Available records:
------------------------------

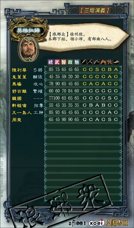 列传文件:S11MSG02.s11,包括剧本武将列传,宝物说明。复制到“游戏安装目录\media\msg\” 下。
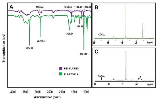 (A) The FT-IR spectra of copolymers, (B) 1H-NMR spectra of PLA-PEG-PLA, and (C) 1H-NMR spectra of PEG-PLA-PEG.
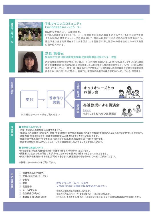 「保護者と一緒に!子どもミライ教室~香水作り実験&大学教授・大学院生とお話し会~」のチラシです。
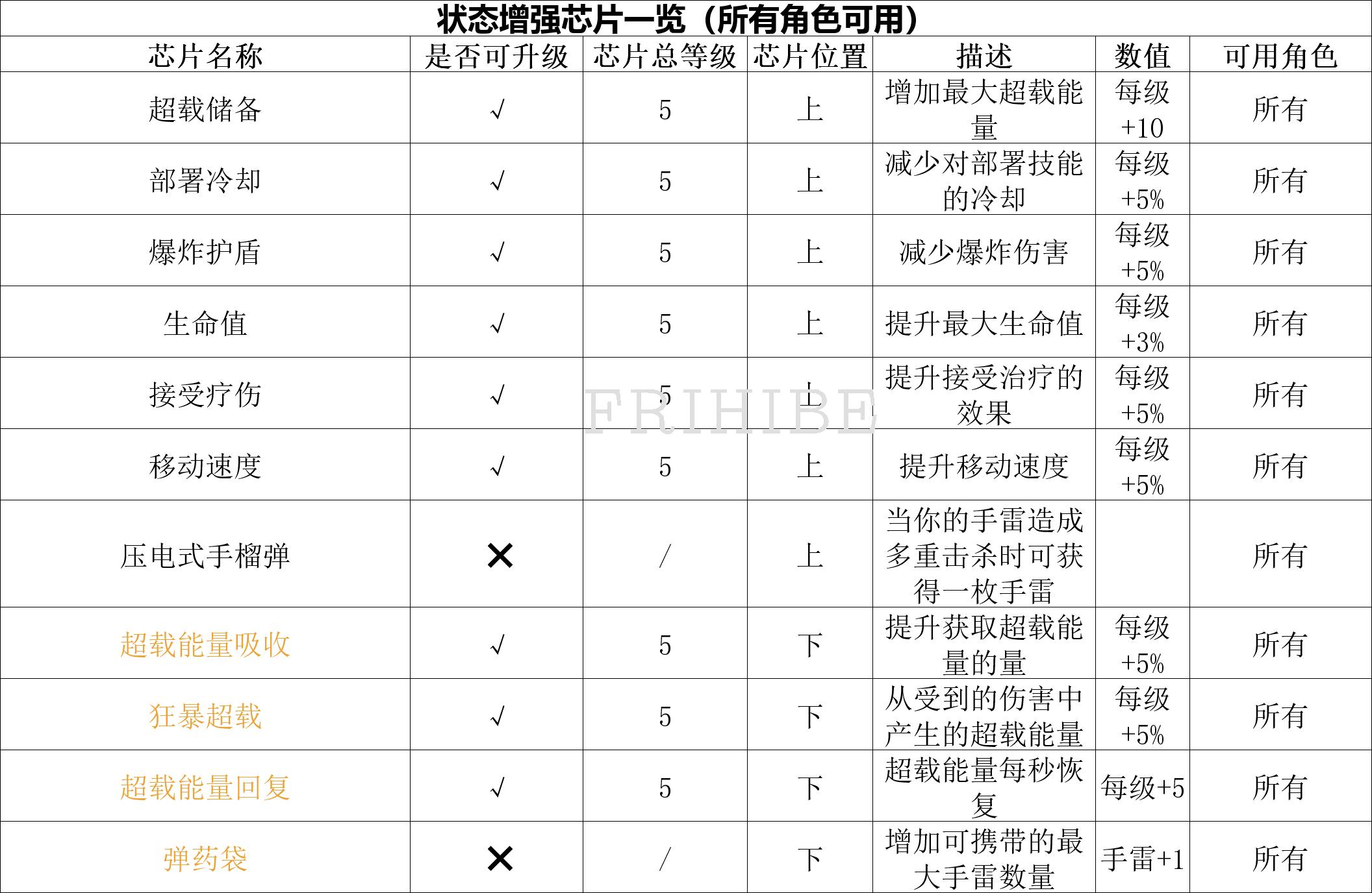 升级芯片是指可解锁的被动升级,可以配备专家负载。 通过解锁同一芯片的多个可以改善大多数芯片的效果。 有些芯片是角色独有的,而其他芯片(例如运动速度和血量)可用于多个不同的角色。 具有相同效果的芯片仍然是每个角色唯一的独特之处,因此您必须单独升级它们。
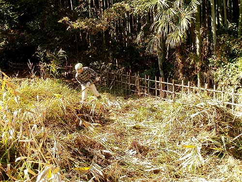 周辺のヤマグワ、地面に寝てしまっていたヨシ、ミヤマシラスゲなどを刈り取りました。
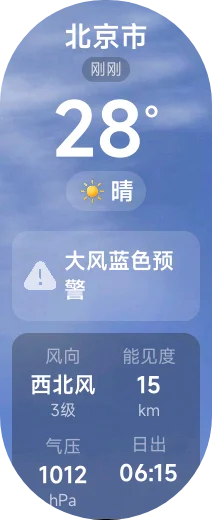 默认同步实况天气,未来24小时天气,预警信息
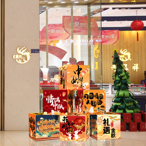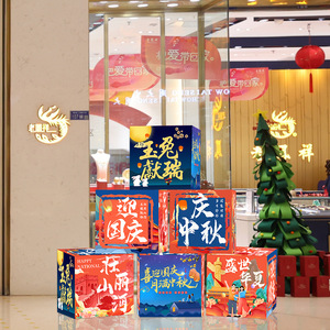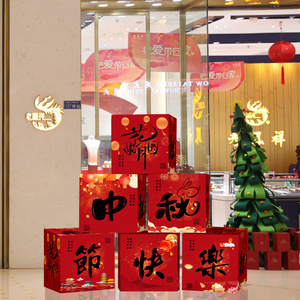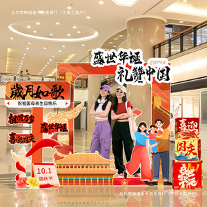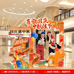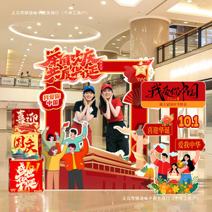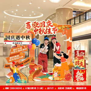 国庆中秋节布置氛围场景店铺商场活动装饰打卡拍照相框背景墙板
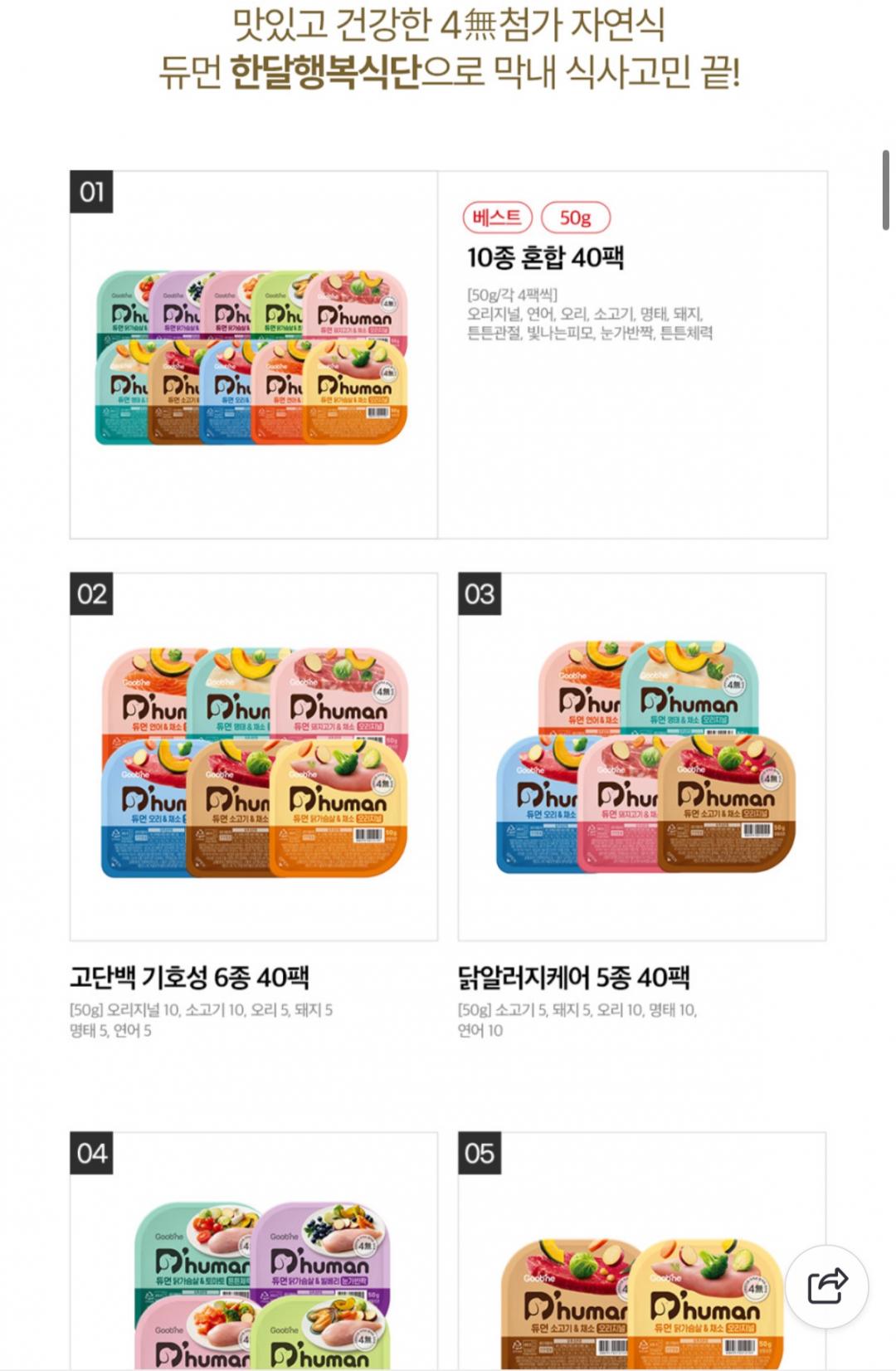 [네이버]듀먼 강아지 화식 50g 40팩 (35,500원/무료) > 국내핫딜

------------------------------

Work required: Starting at the line that contains "(A) The FT-IR", transcribe every line through the end of the listing exactly, including both end lines and excluding pictures.

Answer to the exercise:
 (A) The FT-IR spectra of copolymers, (B) 1H-NMR spectra of PLA-PEG-PLA, and (C) 1H-NMR spectra of PEG-PLA-PEG.
 「保護者と一緒に!子どもミライ教室~香水作り実験&大学教授・大学院生とお話し会~」のチラシです。
 升级芯片是指可解锁的被动升级,可以配备专家负载。 通过解锁同一芯片的多个可以改善大多数芯片的效果。 有些芯片是角色独有的,而其他芯片(例如运动速度和血量)可用于多个不同的角色。 具有相同效果的芯片仍然是每个角色唯一的独特之处,因此您必须单独升级它们。
 周辺のヤマグワ、地面に寝てしまっていたヨシ、ミヤマシラスゲなどを刈り取りました。
 默认同步实况天气,未来24小时天气,预警信息
 国庆中秋节布置氛围场景店铺商场活动装饰打卡拍照相框背景墙板
 [네이버]듀먼 강아지 화식 50g 40팩 (35,500원/무료) > 국내핫딜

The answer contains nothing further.